**Input records**.

☆ ☆ ☆ ☆ ☆ ☆ ☆

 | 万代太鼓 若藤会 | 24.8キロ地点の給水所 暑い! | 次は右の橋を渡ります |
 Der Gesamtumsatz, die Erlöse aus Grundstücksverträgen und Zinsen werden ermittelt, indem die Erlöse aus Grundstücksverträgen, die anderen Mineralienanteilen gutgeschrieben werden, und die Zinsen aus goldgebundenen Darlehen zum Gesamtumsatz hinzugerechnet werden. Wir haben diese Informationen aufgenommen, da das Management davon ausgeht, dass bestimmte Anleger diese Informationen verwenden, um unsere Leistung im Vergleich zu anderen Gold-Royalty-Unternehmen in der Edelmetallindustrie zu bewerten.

☆ ☆ ☆ ☆ ☆ ☆ ☆

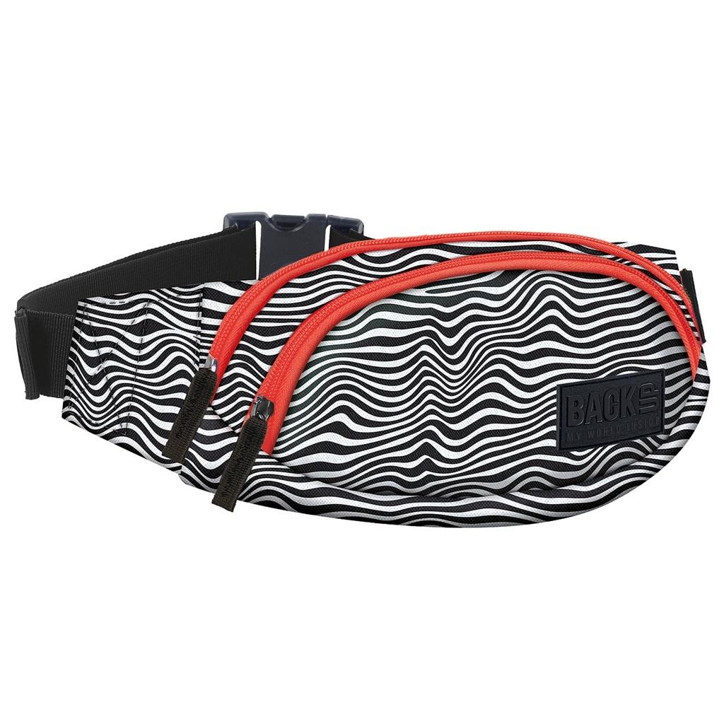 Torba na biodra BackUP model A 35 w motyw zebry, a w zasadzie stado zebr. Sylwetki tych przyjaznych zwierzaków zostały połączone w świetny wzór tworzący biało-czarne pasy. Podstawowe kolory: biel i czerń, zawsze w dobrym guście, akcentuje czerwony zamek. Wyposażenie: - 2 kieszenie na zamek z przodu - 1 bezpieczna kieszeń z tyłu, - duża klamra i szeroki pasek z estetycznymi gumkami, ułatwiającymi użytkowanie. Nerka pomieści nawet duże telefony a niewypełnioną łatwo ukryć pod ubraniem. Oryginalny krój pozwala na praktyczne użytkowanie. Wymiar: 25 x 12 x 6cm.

☆ ☆ ☆ ☆ ☆ ☆ ☆

**Work request**.
From the entries above, write out only the lines starting at the line that holds "暑い! | 次は右の橋を渡ります |" and ending at the line that holds "Der Gesamtumsatz, die", keeping both and matching them exactly.

**Answer section**.
 | 万代太鼓 若藤会 | 24.8キロ地点の給水所 暑い! | 次は右の橋を渡ります |
 Der Gesamtumsatz, die Erlöse aus Grundstücksverträgen und Zinsen werden ermittelt, indem die Erlöse aus Grundstücksverträgen, die anderen Mineralienanteilen gutgeschrieben werden, und die Zinsen aus goldgebundenen Darlehen zum Gesamtumsatz hinzugerechnet werden. Wir haben diese Informationen aufgenommen, da das Management davon ausgeht, dass bestimmte Anleger diese Informationen verwenden, um unsere Leistung im Vergleich zu anderen Gold-Royalty-Unternehmen in der Edelmetallindustrie zu bewerten.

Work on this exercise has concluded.